The Ombudsman applied this to BuCor’s joint venture agreement with Tagum Agricultural Development Corp. (Tadeco) in 2003.
Floirendo was serving as representative at the time, while holding 75,000 shares in the company worth P7.5 million. Most of Tadeco’s stocks were also owned by the Floirendo family through the holding company Anflo Management and Investment Corp. (Anflocor).
In appealing the approval of his indictment, Floirendo asked the Ombudsman to reopen the investigation of the case for the submission of additional documentary and testimonial evidence proving he had no participation in the negotiation and approval of the JVA.
But, the Ombudsman stood pat and said whether or not he had any participation was “immaterial,” because “mere possession of prohibited interest” was sufficient to press criminal charges against him.
The resolution arose from Speaker Pantaleon Alvarez’s March 13 complaint questioning the joint venture agreement covering 5,308.36 hectares of Davao Penal Colony land, which was first entered into in 1969 and extended for another 25 years in May 21, 2003.
The Commission on Audit in an April 25 audit observation memorandum said the Tadeco agreement was unconstitutional for exceeding the 1,000-ha ceiling set by the 1973 and 1987 Constitutions, and the 1,024-ha cap by the 1935 charter, on the lease of land to private corporations.
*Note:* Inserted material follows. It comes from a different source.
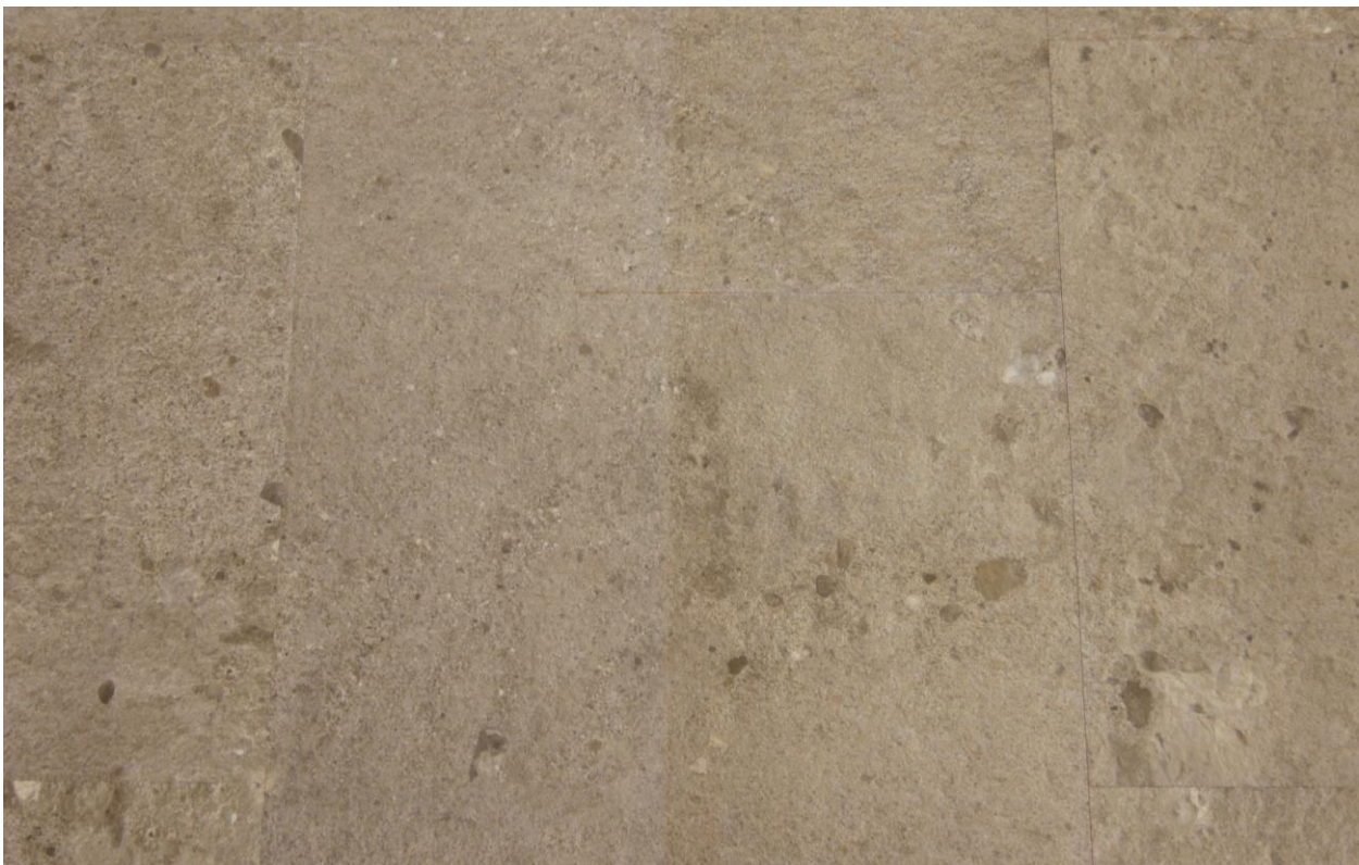
Figure 4: after 25 times wet-mopping with dyed PU Cleaner solution; on the left PU Anticolor satin, on the right unsealed

COA also said it violated the 1987 Constitution’s 50-year limit on the use of public lands by private corporations. The agreement also covered inalienable “reserved lands” that are “beyond the commerce of man.” Lastly, it found the selection of Tadeco did not go through public auction as required by Section 26 of Commonwealth Act No. 141, or the Public Land Act.
In its June 29 annual audit report of the BuCor, COA recommended criminal action against former officials of BuCor and its parent agency, the Department of Justice, who approved the penal land’s long-term use.
Tadeco, the world’s largest contiguous banana plantation, sells its produce to the Del Monte and Dole brands. Floirendo was the top financier of President Duterte’s election campaign, shelling out a total of P75 million, or a fifth of the P376.01-million kitty.
Although the two were Mr. Duterte’s major allies from the Davao region, speculation arose that Floirendo and Alvarez’s dispute arose from a fight between Floirendo’s longtime partner and Alvarez’s girlfriend, who confirmed the spat took place.